# How to Decode Postmodern Academic Jargon



## RamistThomist (Dec 2, 2019)

This is from Elizabeth Kantor’s Politically Incorrect Guide to English and American Literature. Your child might be going 100k in debt to learn how to do this. And while Kantor didn’t make the connection (probably because it hadn’t yet existed), this is also how to identify Social Justice theory.

Don’t Say: “ work of literature” 
Say: “literary production

Don’t Say: that a poet, novelist, or critic “ emphasizes something or “ brings it to our attention” 
Say: that he “foregrounds” it 
Because: Again, these folks’ default position is always to make the creative or rational activities of the human mind sound as much as possible like mere physical events.

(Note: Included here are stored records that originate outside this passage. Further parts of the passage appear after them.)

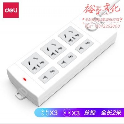 得力18208插座_3 3_2米_PVC袋装(白)(只) .SKU:yzwhyp957494
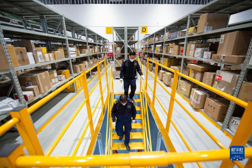 3月20日,首都機場(chǎng)海關(guān)關(guān)員在一家快件企業(yè)的海關(guān)監管倉庫巡查。
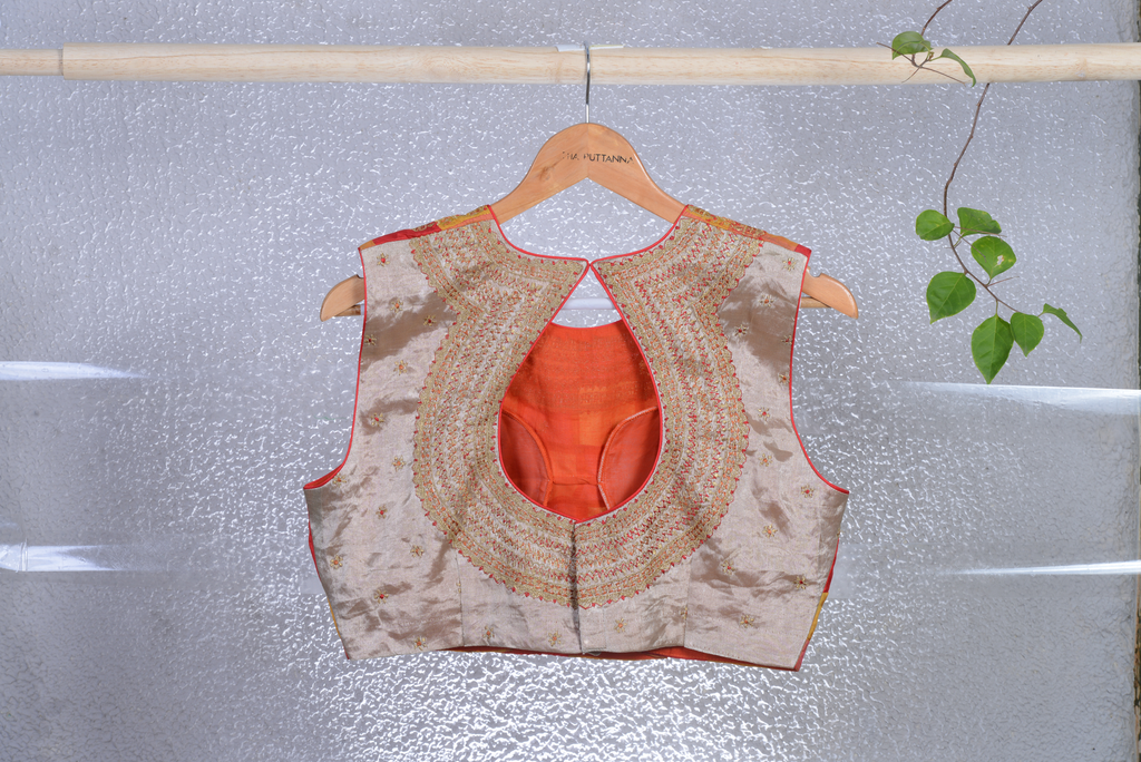 Back: Material - Kanjeevaram Silk Tissue, Colour - Silver, Craft - Embroidery.
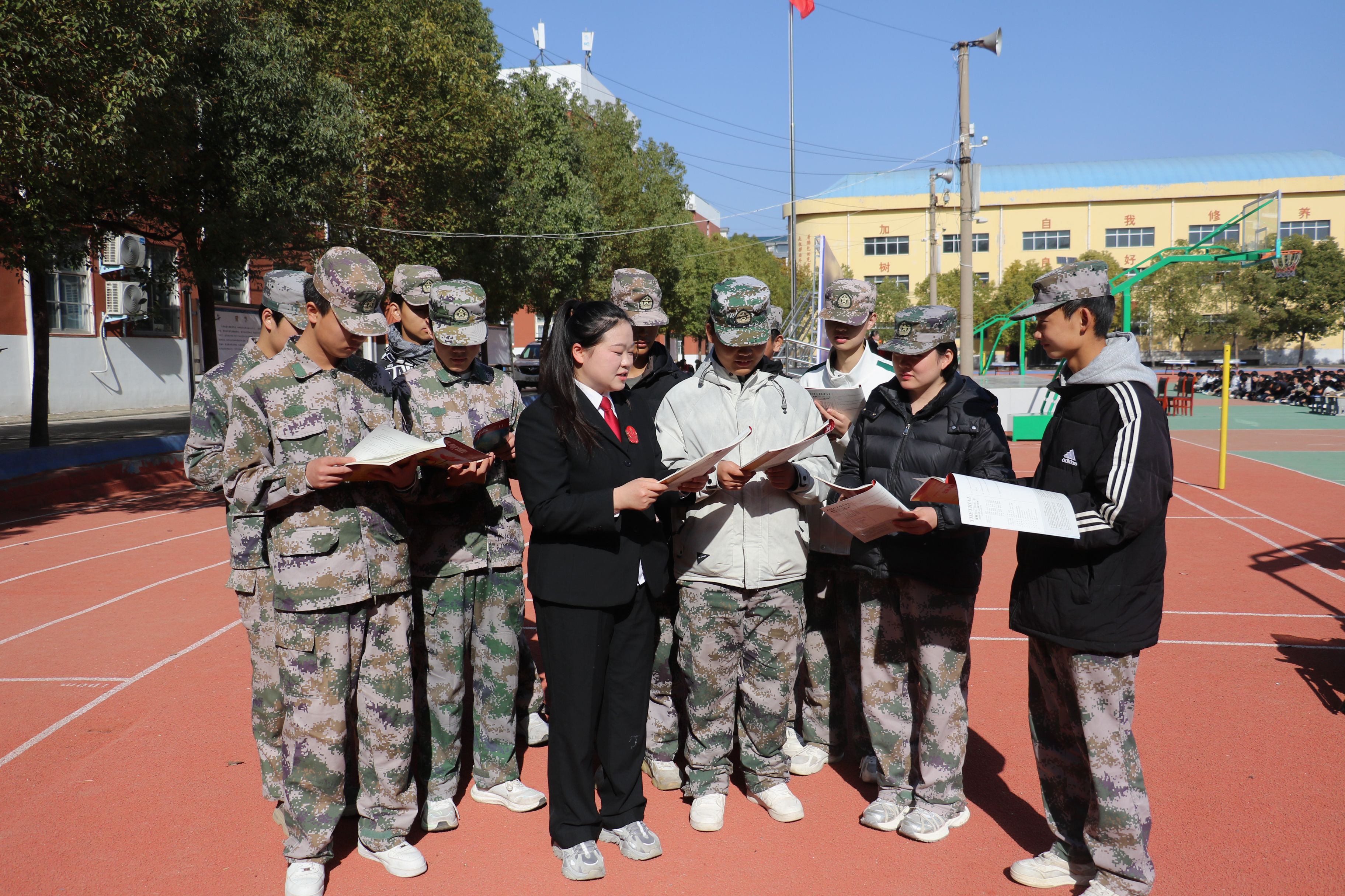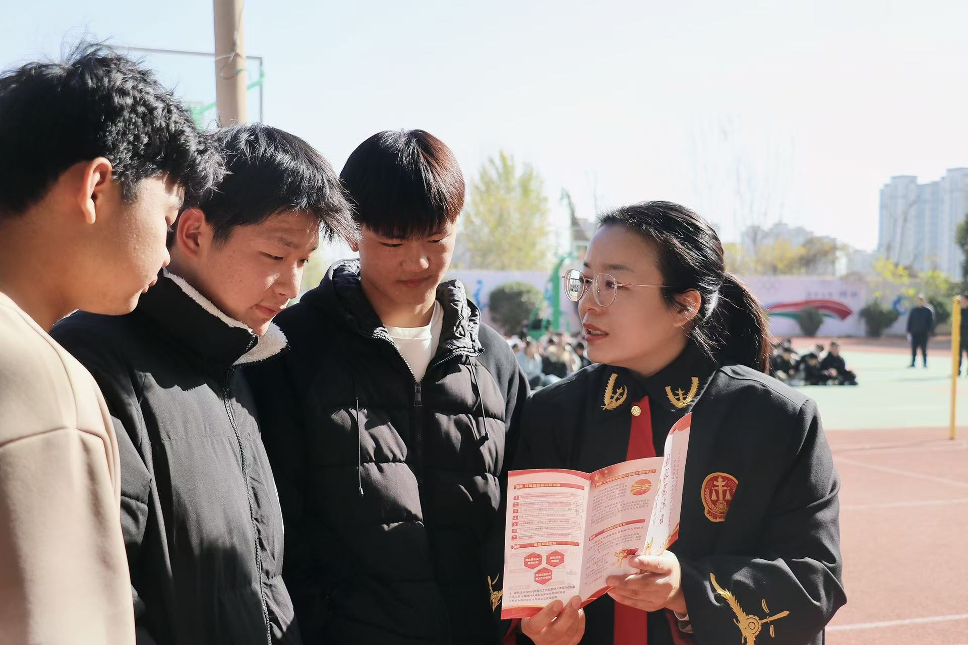 庭审结束后,法院工作人员趁热打铁开展普法延伸宣讲,针对案件中涉及的诈骗手段、法律责任认定等关键问题,结合相关法律法规进行通俗解读,向同学们详细讲解了近年来未成年人聚众斗殴、寻衅滋事、帮信、掩隐等高发犯罪类型的危害后果以及预防措施。同时向同学们宣讲宪法是国家的根本法,从出生到年老,生活的一点一滴,人生莫不和宪法密切相关。随后,法院工作人员还向师生发放宪法宣传单和普法手册,围绕青少年日常可能遇到的法律风险开展互动交流,耐心解答同学们的疑问,引导大家增强宪法意识和“学法、懂法、守法、用法”的法治思维。
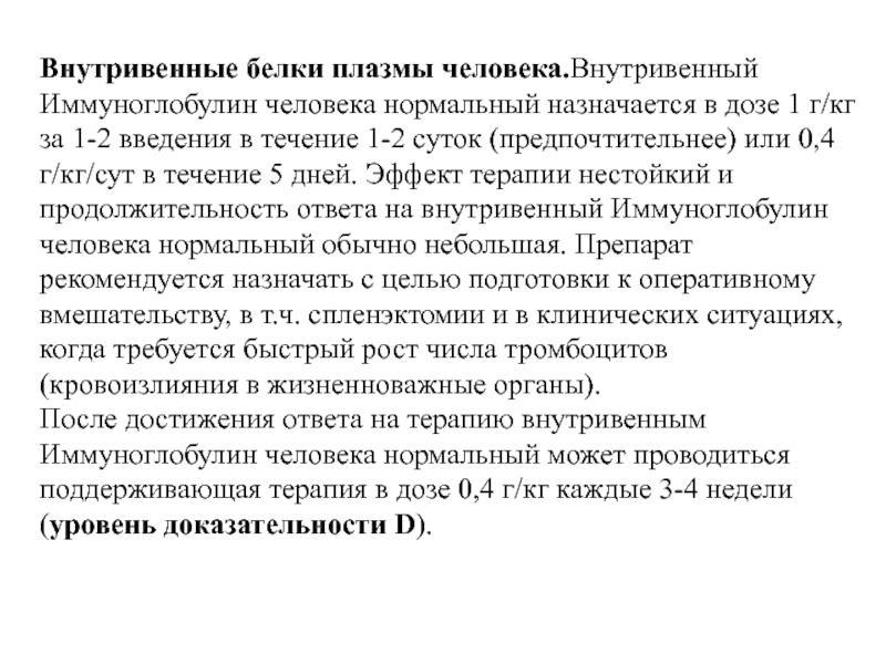или 0,4 г/кг/сут в течение 5 дней. Эффект терапии нестойкий и продолжительность ответа на внутривенный Иммуноглобулин человека нормальный обычно небольшая. Препарат рекомендуется назначать с целью подготовки к оперативному вмешательству, в т.ч. спленэктомии и в клинических ситуациях, когда требуется быстрый рост числа тромбоцитов (кровоизлияния в жизненноважные органы).
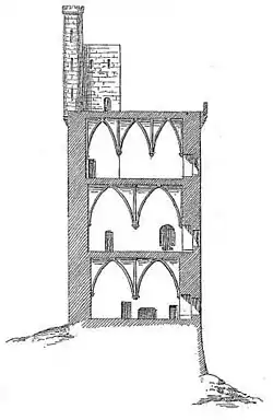 There is a second entrance with modest dimensions in the east wall.[lower-alpha 6] On the outside of the building the doorway is positioned above some projecting stonework that may have been intended as the bonding to a curtain wall that was never built. The entrance was perhaps originally served by a wooden staircase but when the gatehouse was constructed it gave direct access to the châtelain's residence. The doorway and four of the niches were blocked at the beginning of the 18th century when the two upper floors of the tower was used as a prison. They were unblocked as part of the restoration work carried out in the 1970s.[36][lower-alpha 7]

Don’t Say: “ “ opposites,” and in particular:
“truth”and “falsehood,” or
“good” and“evil,”or
“right” and “wrong,” or
“beauty” and “ ugliness,”or 
“happiness” and “misery”
Say:
“binaries,” or “presence and absence” 
Because: Why acknowledge that any of these things really exist when you can pretend that “binary opposites” are generated from some kind of irrational compulsion human beings have to compare and contrast and divide things into twos, rather than from the nature of reality?

Don’t Say: “Communist” 
Say: “Marxist” 
Because: That way, you won’t have to defend Communism, which for some mysterious reason has acquired a bad reputation.

Don’t Say: “Marxist”
Say: “New Historicist” 
Because: That way, you won’t have to defend Marxism, which for some mysterious reason has acquired a bad reputation.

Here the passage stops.